I don't know what a blog would say today except something that mentioned the tragic shooting at the Virginia Tech campus, which involved 33 deaths including the suicide of the gunman himself. I haven't seen anything on the news outside of my own internet home page, so I don't know if there is sensationalizing or over-reporting going on of this tragedy, the broadcasting-investigations or perhaps even conspiracy theories being thrown around until more news comes to light. For me, innocent people are dead and their families have lost someone today, their friends innumerable.
Compassion. When I heard of this I asked myself how can I relate to something in Virginia, or a massacre, or even the murder of someone close. Automatically I know I can't. But if I consider that Virginia isn't far from Washington DC where my cousin works, or that Virginia is a southern state in my mind and so is Tennessee, then that means something more to me. Then there is the university campus... what if this happened at a more local university like Stanford, or across the Bay in Berkeley, or at my own uni of SF State, down the road. That brings it home even more, what then, who would I know that would be affected? What in the hell could I do then? Compassion. So then I think of my own life as a teacher, both future and present, and I wonder what parents would think about sending their kids to school tomorrow, perhaps anywhere, let alone in Virginia... the fear of this. In Erfurt, Germany, or Beslan, Russia, or Columbine, Colorado (and these are only the few I can remember), tragedies have occurred in schools involving hostages, fear, and in some cases unbelievable violence and death - in grade schools, not just in universities. I have so many friends and colleagues teaching in schools in many countries. And that's where it hits me.

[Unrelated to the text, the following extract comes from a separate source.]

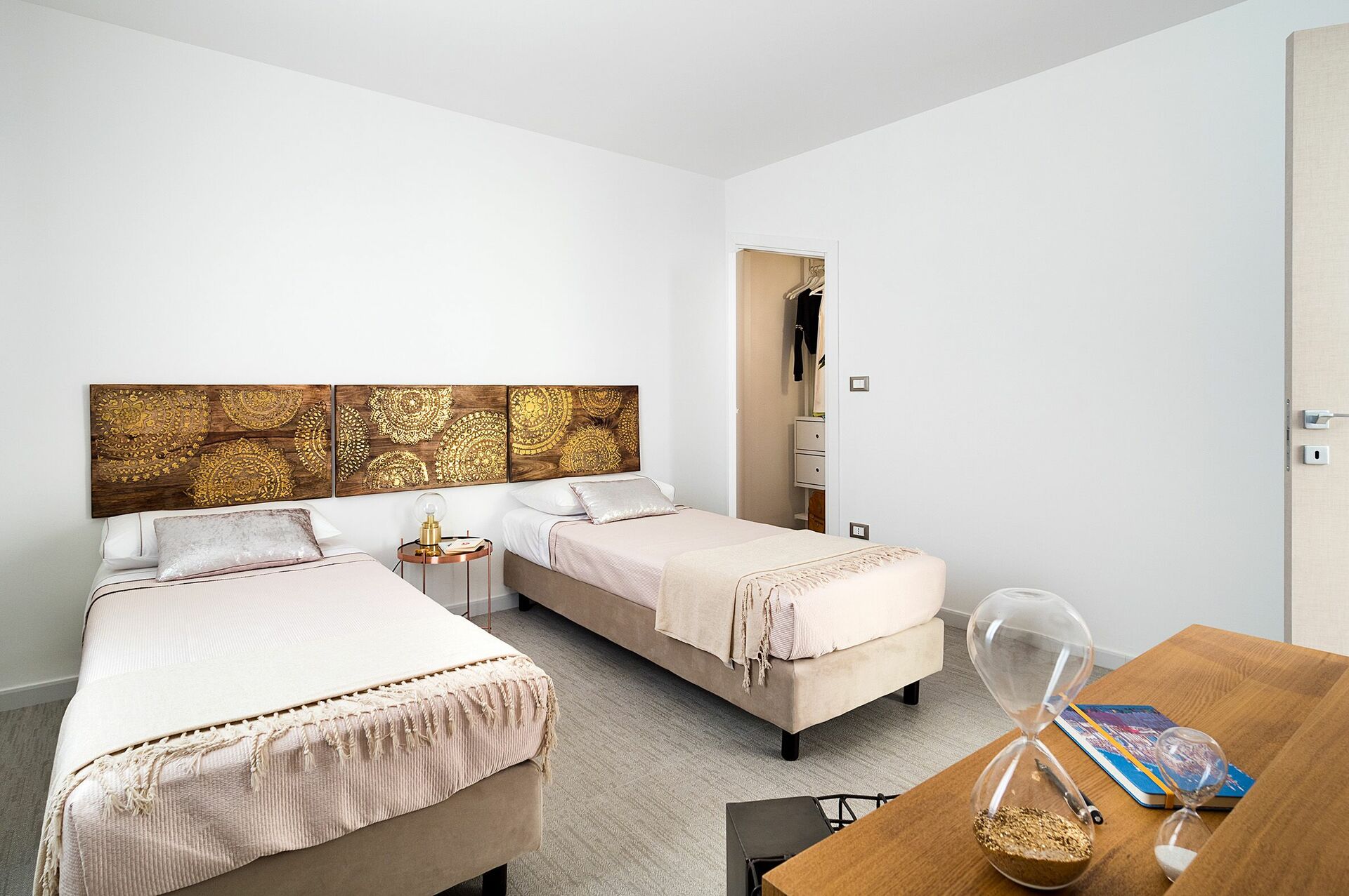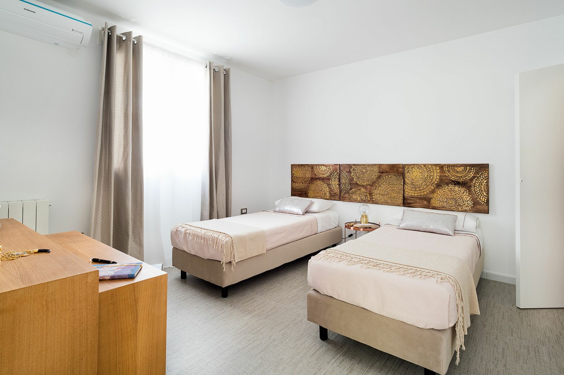 Begane grond: 2 slaapkamers met tweepersoonsbed, 1 slaapkamer met twee eenpersoonsbedden, zitkamer, 2 badkamers met douche, terras.

Compassion for the families is all I can squeeze out when I feel the helplessness I feel now in writing about this, the lack of there being anything I can do except pray and give love as much as possible to the people around me and those alive tomorrow. And hopefully not just tomorrow, but the day after that and every day I can, because though my fading memory of this tragedy is inevitable it won't fade for people just like me who, unlike me, lost someone they loved today in senseless violence and ugly death. Prayer and compassion are all I can speak about on a day like this.